Je ne manquerai pas ta critique sur un film que je n'ai pas vu, mais dont l'incompréhension critique des journalistes ne m'est pas restée indifférente.

Magusneri 12/06/2010 20:32

Merci ;)
Ils vont publier un extrait de ma critique du film d'Alexandre Arcady, Comme les 5 doigts de la main. J'ai défendu le film (que j'ai vraiment beaucoup aimé) alors que toute la presse l'a descendu. Du coup, mon point de vue a dû les intéresser.

copa738 12/06/2010 14:14

C'est super pour toi ! Tu as une brillante carrière de critique qui s'offre à toi, et j'espère que tu la saisira.
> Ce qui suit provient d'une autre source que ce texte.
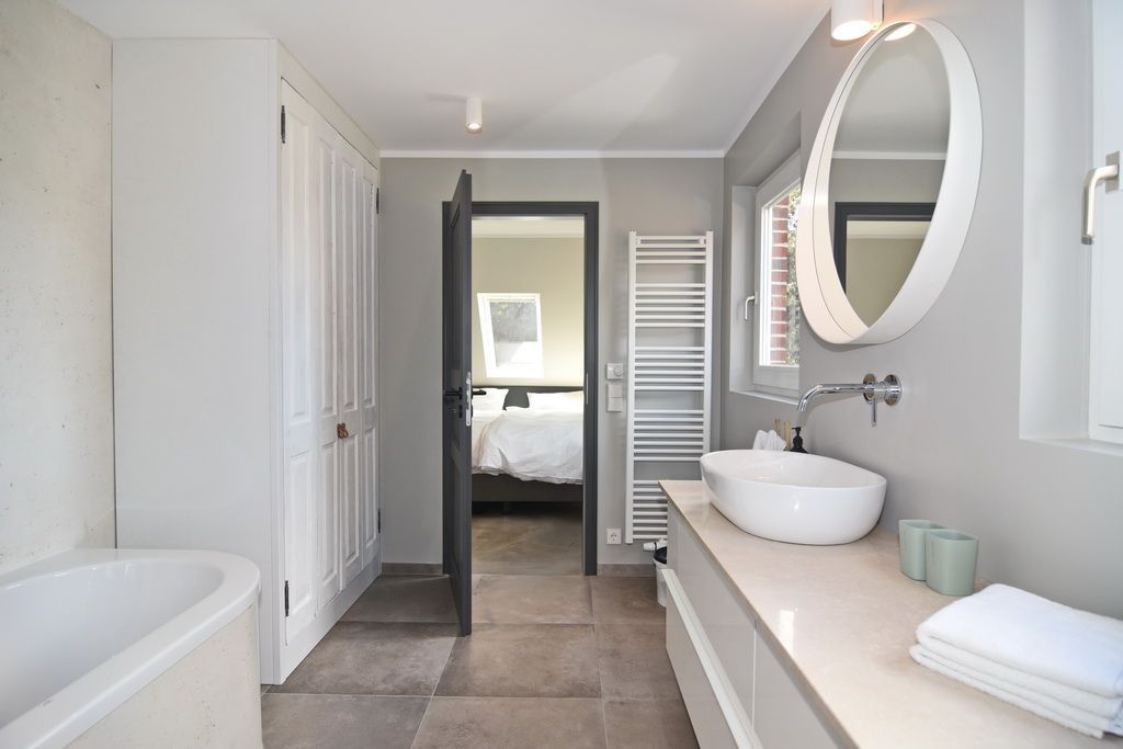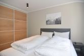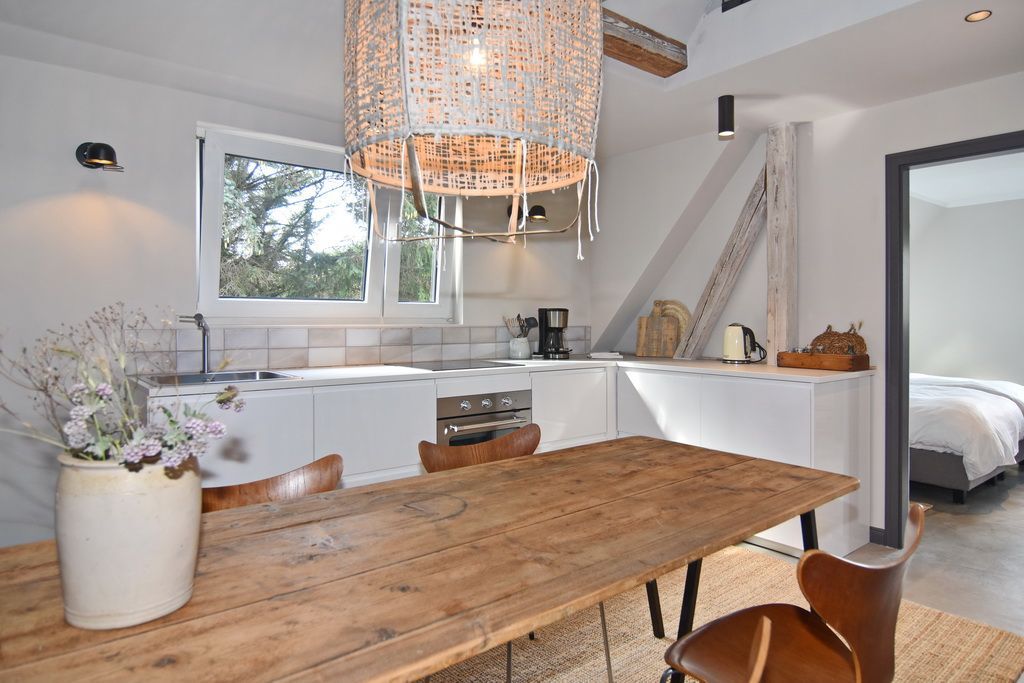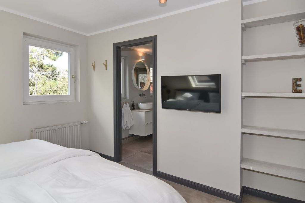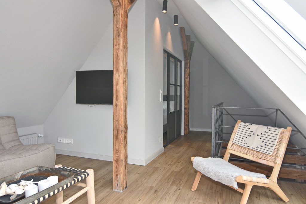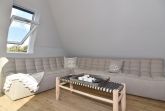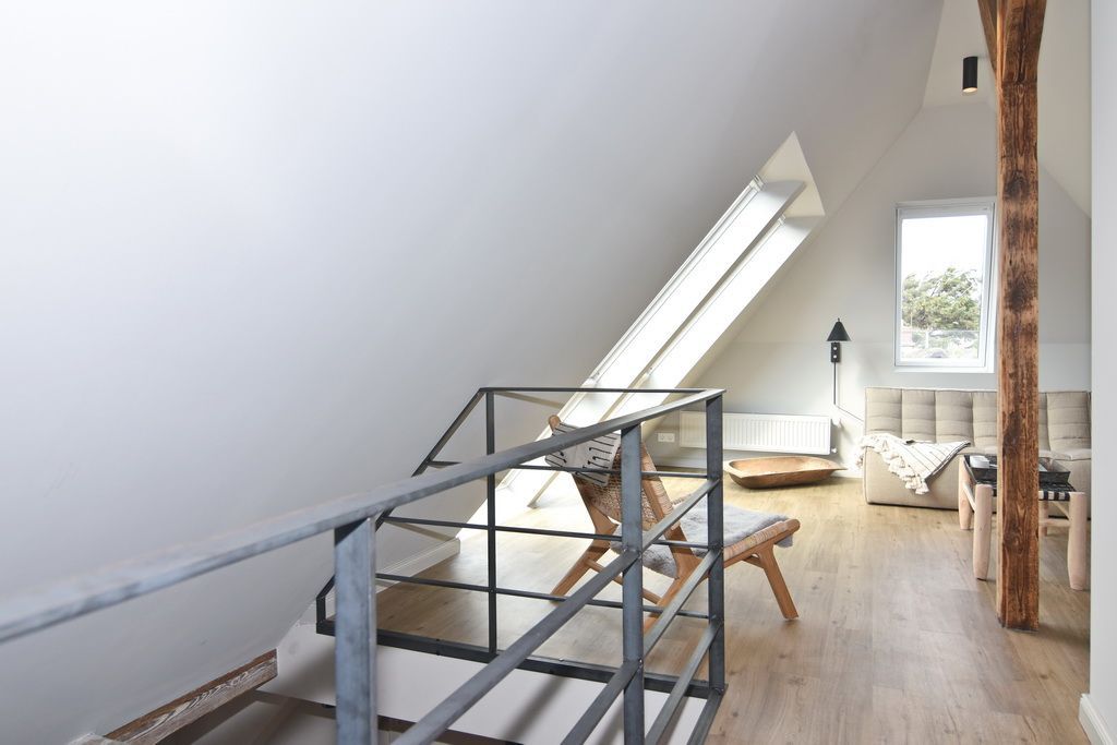 Direkt hinter den Dünen gelegen und dem Strand ganz nah.' Hier wohnen Sie in einer frisch renovierten 5-Zimmer-Maisonette-Wohnung mit ca. 74qm. Frei gelegte Deckenbalken, Naturtöne und liebevoll ausgewählte Möbel und Dekoration schaffen für Sie einen Ort der Ruhe und Entspannung. Im Obergeschoß befindet sich eine helle Wohnküche mit einem Essplatz für bis zu 6 Personen. Die Küche verfügt über Geschirrspüler, Backofen, großen Kühlschrank und separatem Gefrierschrank sowie eine Waschmaschine. Auf selber Ebene befinden sich ein Schlafzimmer mit Doppelbett (180x200), TV und großem, eigenen Bad mit Dusche, Wanne und Kleiderschrank; ein weiteres Schlafzimmer mit Doppelbett (160x200), Kleiderschrank und TV und ein separates Duschbad /WC. Aus der Wohnküche geht eine Metalltreppe ins Dachgeschoß (Achtung: offenes Geländer - nicht für Kleinkinder geeignet). Hier befindet sich ein weiterer Schlafraum (Jugendzimmer mit Doppelbett (160x200) und kleinem Spint - wunderschön hell, da hier eine Eisentrennwand mit Glas verbaut wurde - und der Wohnbereich mit gemütlicher Sitzecke, TV und großen, bodentiefen Veluxfenstern. Internet (ohne Gewähr) ist vorhanden. Bettwäsche und Handtücher sind zur Anreise aufgezogen. Parken in der Straße möglich. Kleiner, gemeinschaftlicher Außenbereich vor dem Haus. Fahrradständer am Haus. Tierhaltung und Rauchen sind im Objekt verboten.

Je ne suis pas abonné à "Studio Ciné Live" mais au magazine "Première", j'achèterai le numéro du 23 juin et lirai ton article avec grand plaisir ! C'est sur quel film ?

Magusneri 12/06/2010 12:28

Comme tu l'écris justement, l'histoire est très plate, c'est une honte que le film de Bigelow ait eu l'Oscar du meilleur scénario original. Si ça ne tenait qu'à moi, je l'aurai donné à Inglorious Basterds, qui est dix fois plus palpitant !
C'est toujours un plaisir de venir sur ton blog, continue comme ça ;)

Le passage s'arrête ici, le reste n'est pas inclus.